The Council is particularly concerned with proposed changes in the schedule and potentially in the scope of the project that are connected to the decision to allow acquisition of the project site in phases. An important part of the public benefit that was to flow from the project was the payment for real property and other development rights to be made to the Metropolitan Transportation Authority (MTA). These funds were to form an important part of the funding for the MTA’s capital improvements, thus producing further benefits for the community at large.

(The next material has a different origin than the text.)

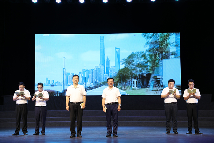 “我们的人民热爱生活,期盼有更好的教育、更稳定的工作、更满意的收入、更可靠的社会保障、更高水平的医疗卫生服务、更舒适的居住条件、更优美的环境,期盼孩子们能成长得更好、工作得更好、生活得更好。人民对美好生活的向往,就是我们的奋斗目标。”随着习近平总书记重要讲话视频结束,集团领导班子成员慷慨激昂地接续诵读《习近平新时代中国特色社会主义思想专题摘编》中“坚持以人民为中心”部分内容,用激情澎湃、高昂向上的时代强音,激荡起广大党员干部的昂扬斗志,展现出新时代领导班子的卓然风采,充满了浓浓的爱国情、向党志、人民情。“让全体中国人民和中华儿女在实现中华民族伟大复兴的历史进程中共享幸福和荣光!”铿锵有力的诵读将整场活动推向高潮,现场响起热烈掌声。

In the earlier proposal submitted to the MTA by the developer that was to form the basis for working out a final agreement, these funds would have been paid to MTA in the initial phases of the project. Under the revised phased structure of the project, however, only 20 percent of the value of MTA property interests will be paid up front. The remaining 80 percent is to be paid in a set of installments with due dates that stretch until the year 2030, under terms that we view as extremely favorable to the developer. The proposed Atlantic Yards development plan establishes a schedule that will allow the project developer to make the last installment of the 80 percent of the total sum due to the MTA in 2030.
While it is not within the purview of this Council, we would also note that the proposed changes to planned improvements for the Vanderbilt Yard will foreclose certain options for LIRR Brooklyn service. In particular, these change will significantly reduce the capacity of the yard and reduce the number of tracks available in the yard.
We respectfully request that you reconsider the pending amendments to the Atlantic Yards General Project Plan in light of these concerns.